Tyrese Maxey got off to a rough individual start this season and, for the first time in his career, showed cracks in the armor of his effervescent personality.

Paul George was supposed to be the team’s missing connector, but he has instead brought his lackadaisical “California cool” to South Philadelphia, admittedly the worst place in the country to play and act careless.

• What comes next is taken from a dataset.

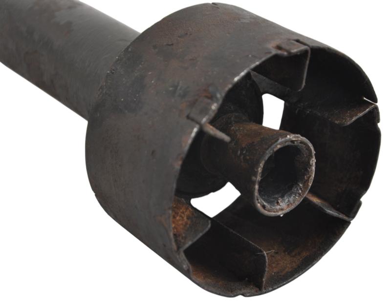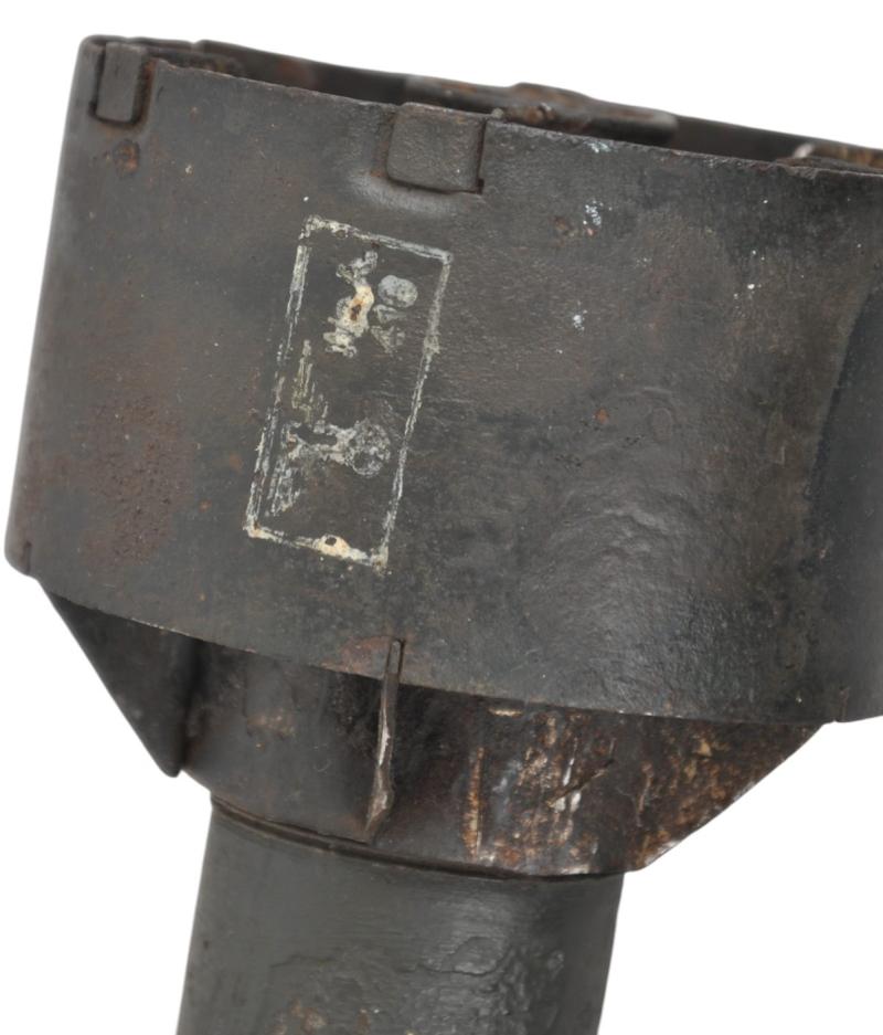 Very rare round for the German Panzerschreck ( Rocket firing anti tank bazooka ) which strips down enabling inspection of its empty interior. This piece has suffered the usual loss of some finish to its exterior & thus has been repainted in the most part with markings reapplied for visual effect. The tail fins section retains its original eagle & swastika marking. Bakelite nose tip present.

And, of course, there is the man in the center of it all: Joel Embiid. Whether it be his own ego, organizational malpractice, or (most likely) both, he is the reason this team has no direction today, and he is the reason why it is hard to see the team have a direction in the near future.

Daryl Morey

Daryl Morey has always had a very specific philosophy of team building, dating back to his original trade for James Harden over a decade ago with the Houston Rockets. The greatest collection of talent often does win out in the NBA, but Morey’s hyper-fixation on acquiring superstars has left any roster he has overseen with too many holes to hoist the Larry O’Brien trophy.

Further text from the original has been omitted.